Ce divorce sera dans tous les esprits à Rome, d’autant que les autres membres de la famille sont plutôt mal en point. Les dirigeants des grands pays sont soit des fantômes comme François Hollande, soit des intérimaires comme l’Italien Paolo Gentiloni, soit des mal élus comme l’Espagnol Mariano Rajoy. Même la chancelière Angela Merkel aura la tête ailleurs, engagée dans une campagne pour sa réélection beaucoup plus difficile depuis l’entrée en lice de Martin Schulz. « Aucune décision ne sera prise à Rome. Les choix se feront après les élections en France et en Allemagne », explique un diplomate de haut rang. A Rome, il s’agira de montrer que l’on reste unis face à l’adversité. « L’idée est de prendre acte du départ de la Grande Bretagne et de faire renouveler les vœux de mariage par les autres membres de l’Union », soutient sans rire un responsable européen.
Le débat est mal engagé
Mais le débat sur l’avenir de l’UE à 27 est mal engagé. La Commission européenne a mis sur la table cinq options. Elle ne sont pas ses choix, mais le résultat des positions exprimées par les dirigeants européens. Ce sont eux les décideurs. Le développement d’une Europe à plusieurs vitesses grâce aux coopérations renforcées tient la corde. Rien de nouveau. La première date de 2010. Ironie de l’histoire, elle a été lancée entre neuf pays pour aider au règlement des divorces internationaux. Une autre a été constituée pour les brevets et une troisième pour créer une taxe sur les transactions financières. Elle devait entrer en vigueur en 2014, mais les négociations se sont enlisées, un des 11 participants, l’Estonie, s’est retiré et l’initiative est aujourd’hui menacée.

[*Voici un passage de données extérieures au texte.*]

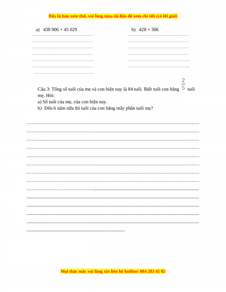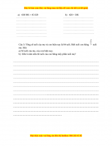 Câu 3: Tổng số tuổi của mẹ và con hiện nay là 84 tuổi. Biết tuổi con bằng tuổi
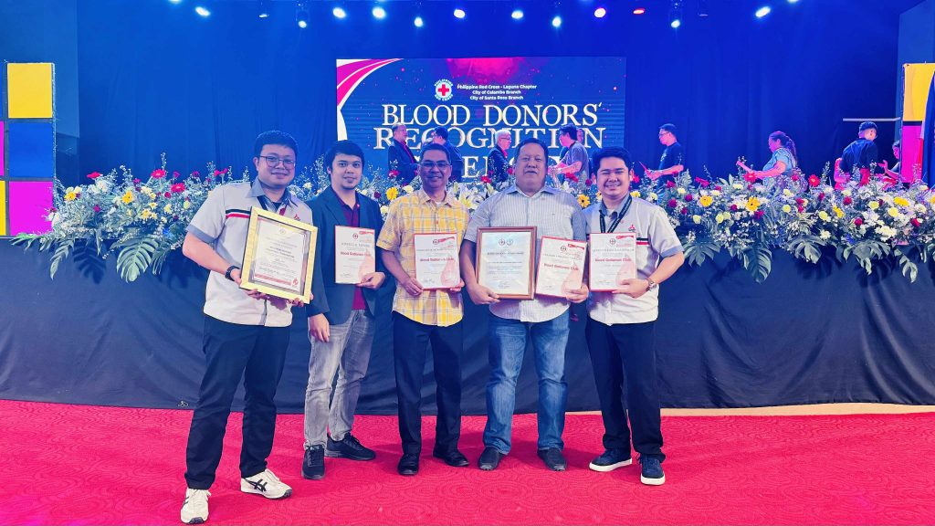 With 207 bags contributed in 2024 alone, equivalent to 93,150cc of blood, the Laguna Chapter of Red Cross also presented a platinum recognition to the company. The award was conferred during the Philippine Red Cross Blood Donation Recognition and Awarding Ceremony held at the Santa Rosa City Auditorium.
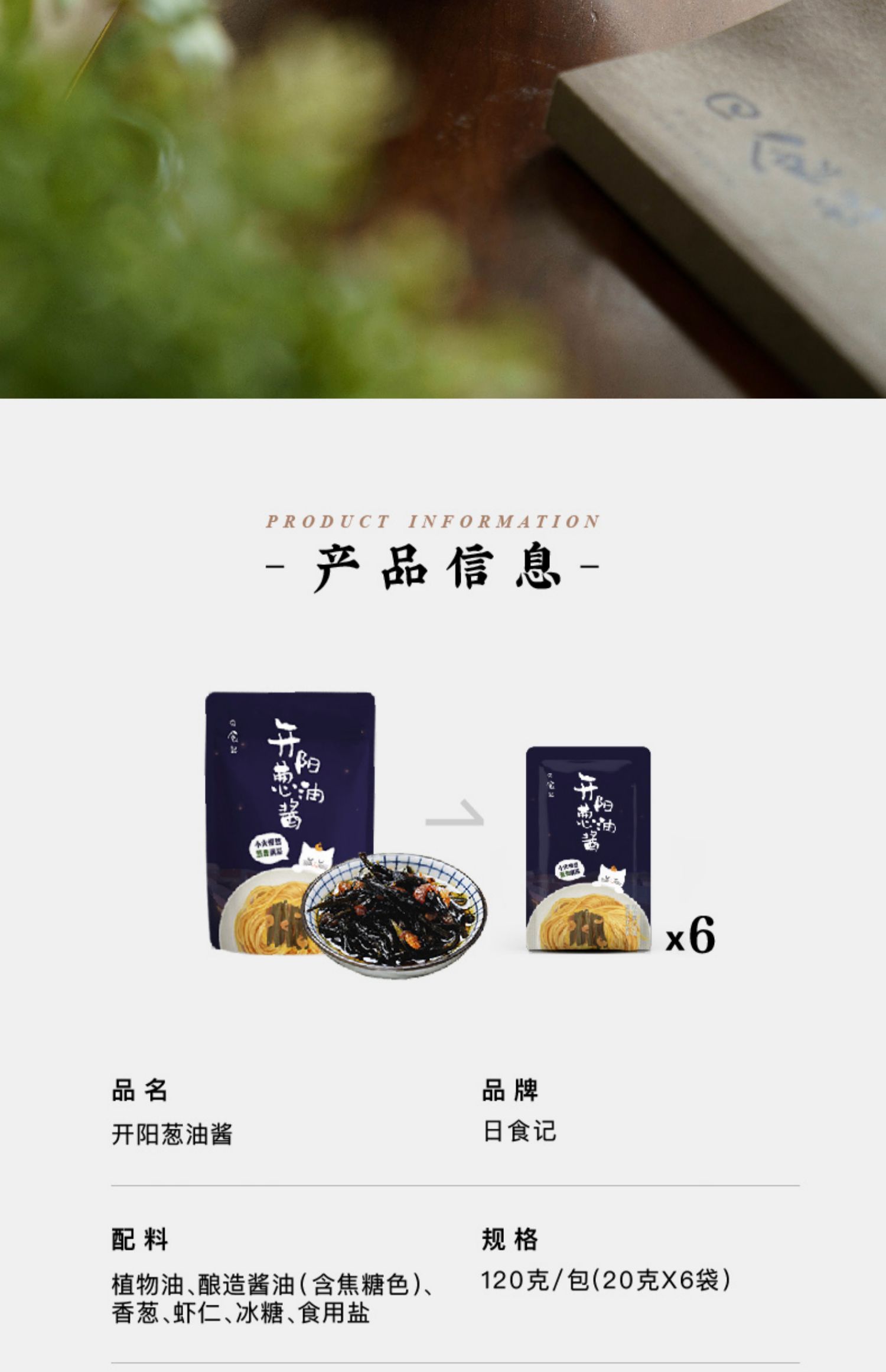 • 商品名称:日食记开阳上海葱油酱拌面拌饭酱调料酱包鲜香调料葱油面酱不含面
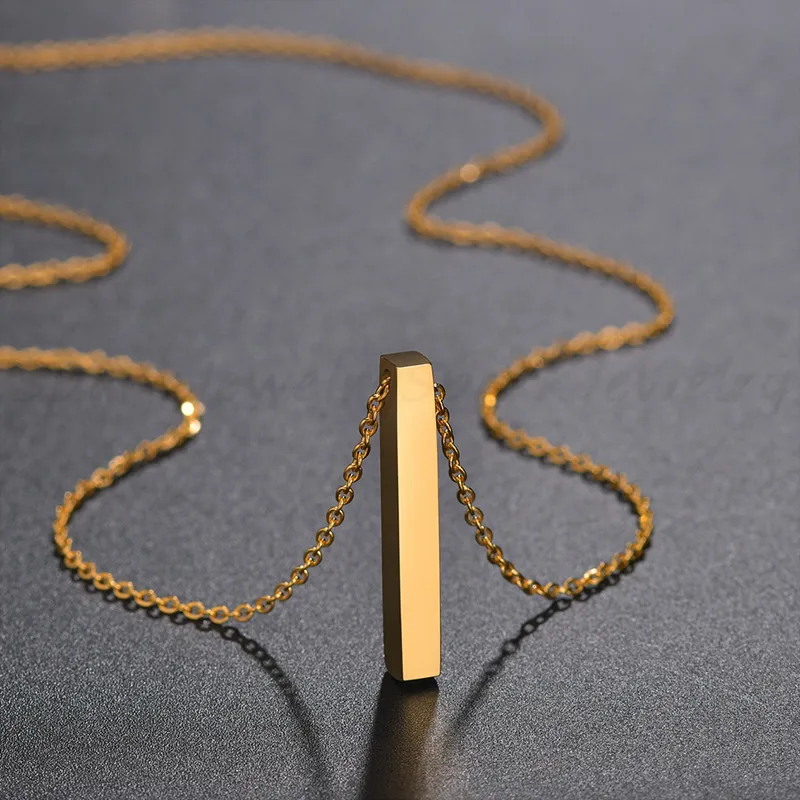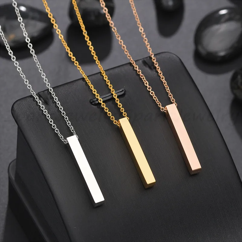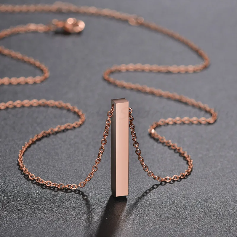 Feature/ShapeCustom engraving name date ractangle necklace, Vertical bar necklace
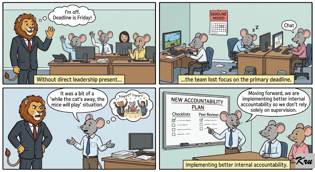 You Say: “Unfortunately, without direct leadership present, the team lost focus on the primary deadline. It was a bit of a ‘while the cat’s away, the mice will play’ situation. Moving forward, we are implementing better internal accountability so we don’t rely solely on supervision.”
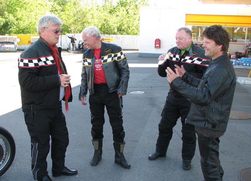 deltagerne kører ind på tanken for at nyde en kaffe og sidste sluder før
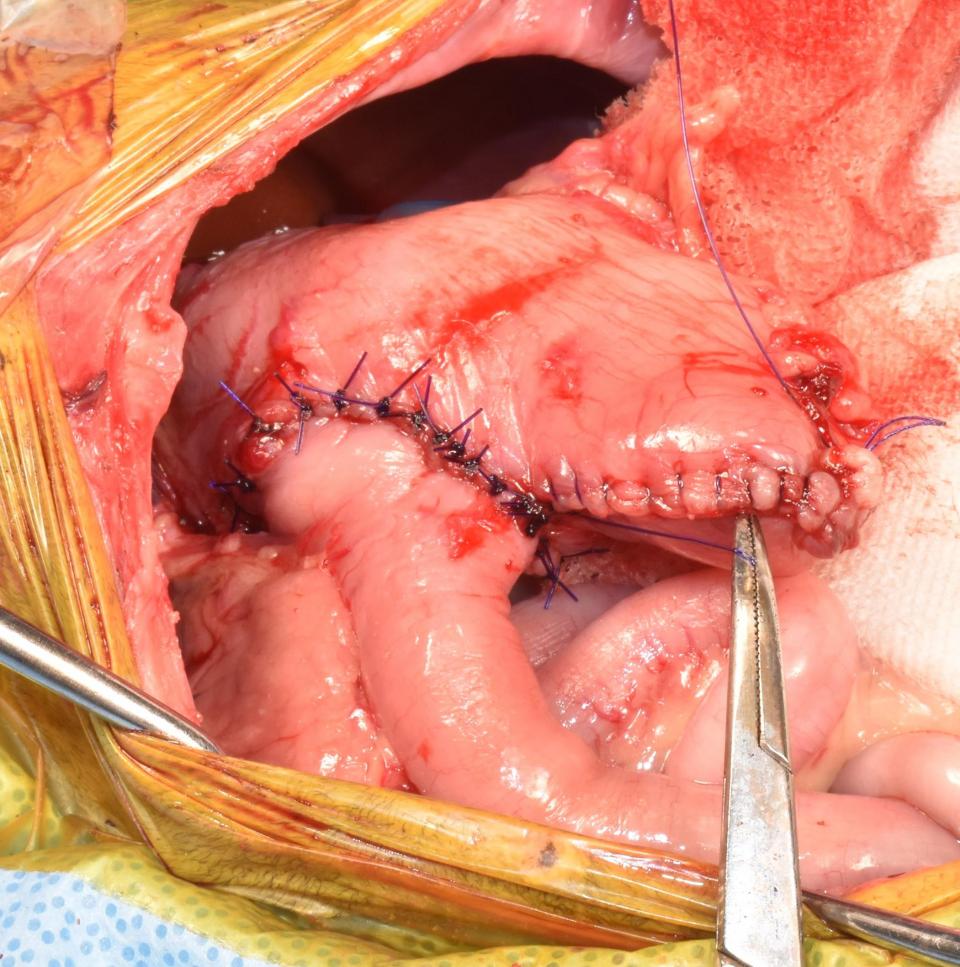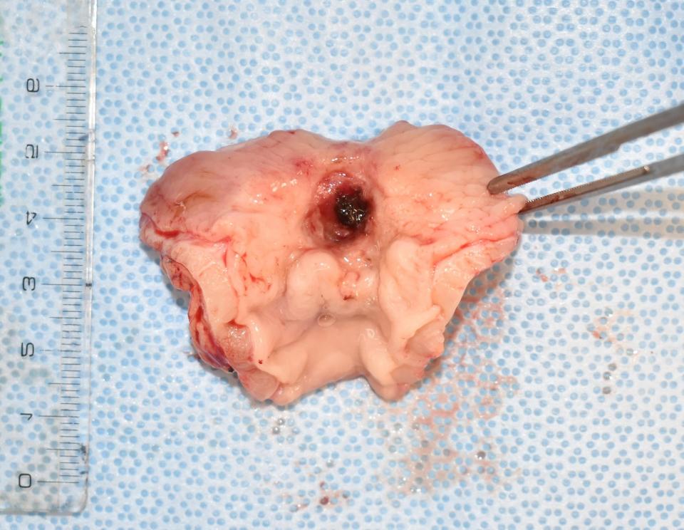 輸血を行って手術に臨みました。CTおよび術中所見に基づき、幽門切除術および胃十二指腸吻合術(ビルロートI型)を行いました。胃の腫瘤形成部は潰瘍が形成されていました。病理検査の結果は胃腺癌でした。
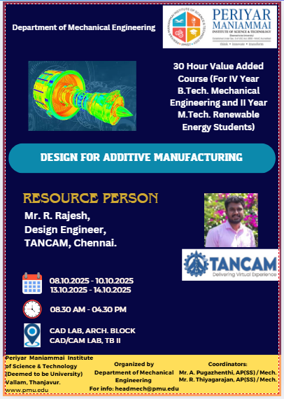 30-Hour Value Added Course (For IV Year B.Tech. Mechanical Engineering and II Year M.Tech. Renewable Energy Students)
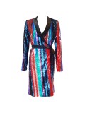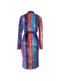 - LONG SLEEVED MULTICOLORED SEQUINT VERTICAL STRIPED DRESS
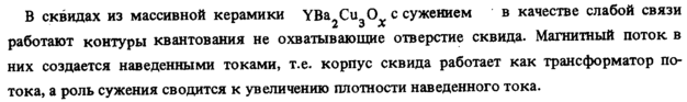 В сквидах из массивной керамики YBa„Cu О с сужением в качестве слабой связи работают контуры квантования не охватывающие отверстие сквида. Магнитный поток в них создается наведенными токами, т.е. корпус сквида работает как трансформатор потока, а роль сужения сводится к увеличению плотности наведенного тока.
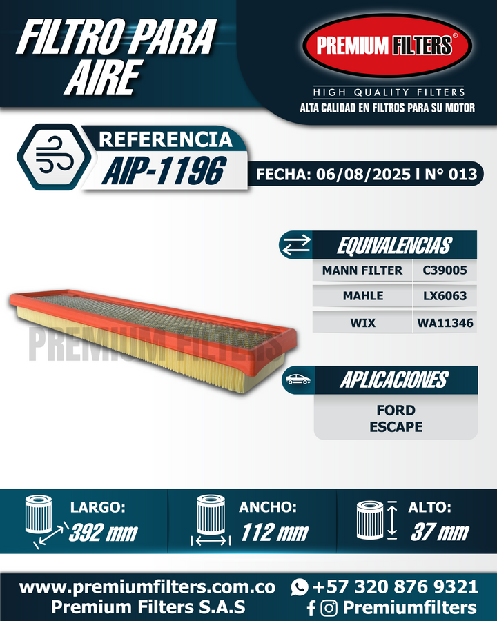 Filtro de Aire / AIP-1196 FORD ESCAPE
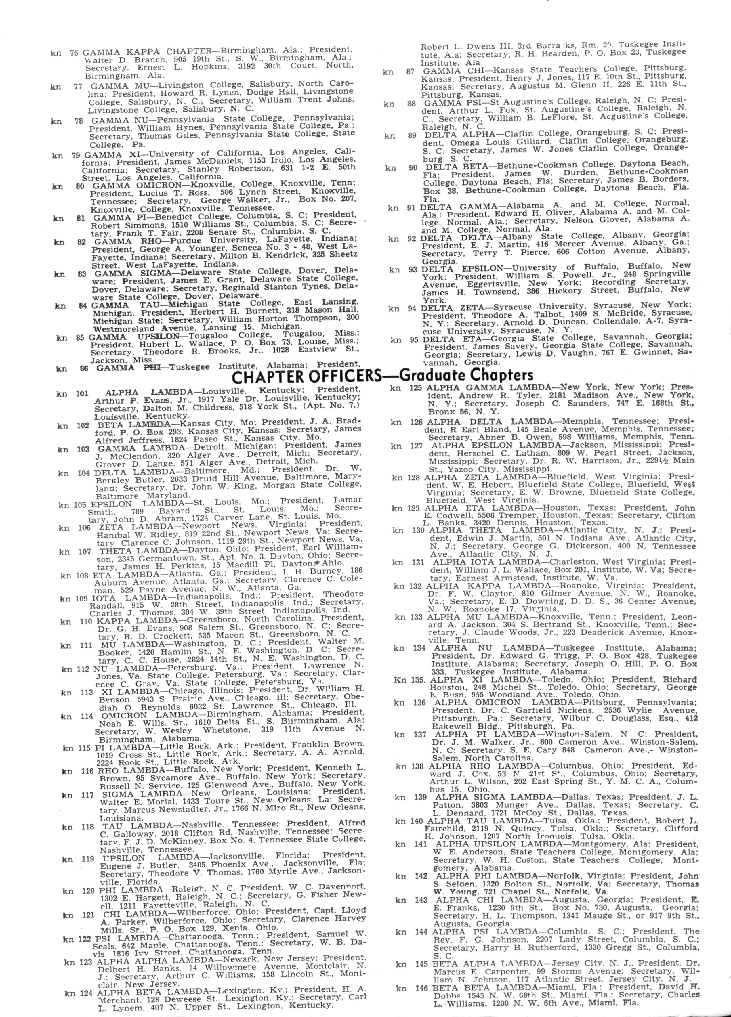 kn 134 ALPHA NU LAMBDA—Tuskegee Institute, Alabama: President, Dr Edward G Trigg P O Box 428, Tuskegee Institute Alabama; Secretary, Joseph O Hill, P O Box 333, Tuskegee Institute Alabama
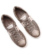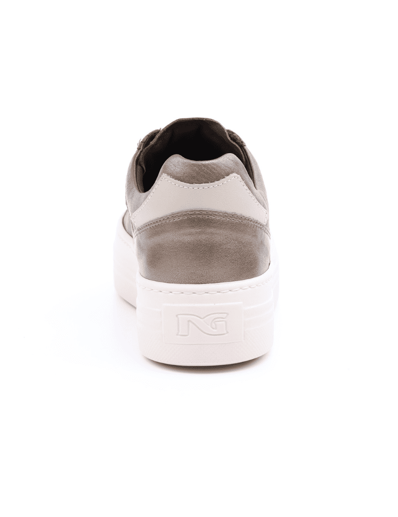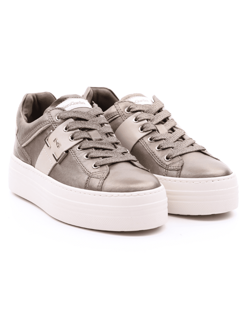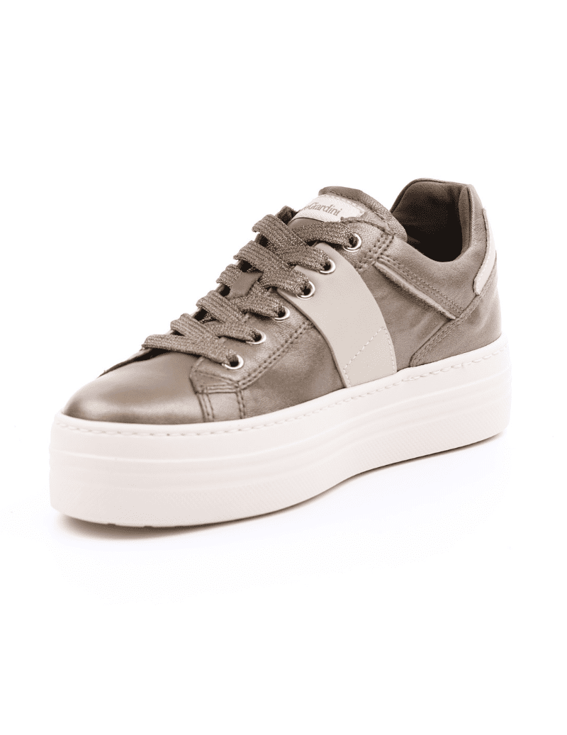 La Sneakers firmata Nero Giardini, realizzata in pelle laminata è caratterizzata da fasce laterali beige, con interno in pelle e come chiusura lacci in cotone luminoso bronzo. Presenta una suola in gomma extralight bianca alta 4cm.
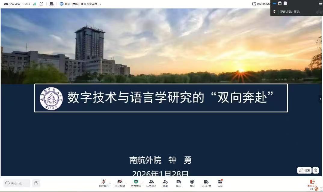 2026年1月28日,人文与外国语学院举办了主题为“数字技术与语言研究的‘双向奔赴’”的线上学术沙龙。本次学术沙龙特邀南京航空航天大学外国语学院钟勇老师担任主讲,线上为学院师生带来了一场内容丰富、视角前沿的学术分享,学院一百三十多名师生参加了本次学术活动,学院副院长黄勇主持会议。
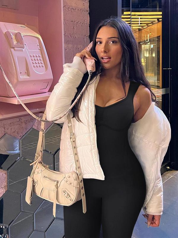 Women's Solid Shapewear Jumpsuit, 1 Count High Stretch Tummy Control Shaper, Ladies Shapewear for All Seasons
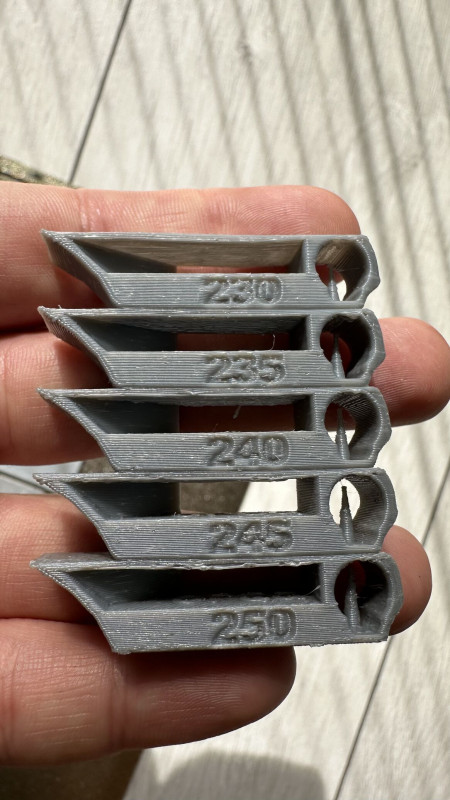 Sunlu (ezüst) PETG-vel próbálkoznék a Bambu P1S-en, de szerintem baromi ronda. Visszaolvasva az jött le, hogy kb 240/75-80 vált be a többségnek, így én is nagyjából ilyen hőmérsékleteket próbálok, de hát a lenti képeken látszik, hogy nem oké valami. Egyfelől tele van a temptower az én olvasatomban blob-bal. Illetve a rétegek is olyan furák, mini lyukak vannak a felületen. Ezért próbáltam egy flow calibrationt csinálni, de hát itt nekem most nem tiszta. A lyukak kb a 15-ösnél szűnnek meg, viszont ott meg nekem már overextrusion is látszik. Vélemény, javaslat? (Orca-val és a generic petg profillal próbálkozok, csak a hőmérsékleteket módosítottam.)

L’Europe des coopérations renforcées n’est peut être pas la solution. L’un des grands anciens, l’ancien président de la Commission européenne Jacques Delors, était contre. « Ça ne peut pas marcher, parce qu’un pays peut opposer son veto », expliquait-il. Pour lancer une coopération renforcée, les règles sont très strictes : il faut l’accord des 27 pays et ensuite la participation d’au moins 9 d’entre-eux. Or l’option d’une Europe à plusieurs vitesses est déjà contestée par la Pologne.
Un autre plan est possible, mais il est plus périlleux car il impose un nouveau traité. Jacques Delors préconisait en son temps la constitution d’une avant garde de pays désireux et capables d’aller plus loin dans l’intégration. Le concept a été relancé par l’ancienne vice-présidente de la Commission européenne, la conservatrice (PPE) Luxembourgeoise Viviane Reding. « L’Europe devrait se regrouper autour d’un groupe central d’État membres prêts à s’engager dans une véritable Europe politique, sociale et fiscale. Ils seraient accompagnés par d’autres Etats membres disposés à aller de l’avant dans un nombre significatif mais limité de domaines et entourés par un cercles de partenaires », a-t-elle plaidé dans un communiqué publié la veille de la réunion de Rome. L’épouvantail du noyau dur a ainsi été redressé. Ce serait la fin de l’UE, car il entraînerait des exclusions a aussitôt mis en garde l’ancien Premier ministre finlandais Alexander Stubb.
A Rome, l’avenir de l’UE à 27 s’annonce assez sombre. Il faudra plus qu’une bonne dose d’optimisme pour éviter que le départ des Britanniques ne provoque une implosion ou un naufrage de l’Union européenne.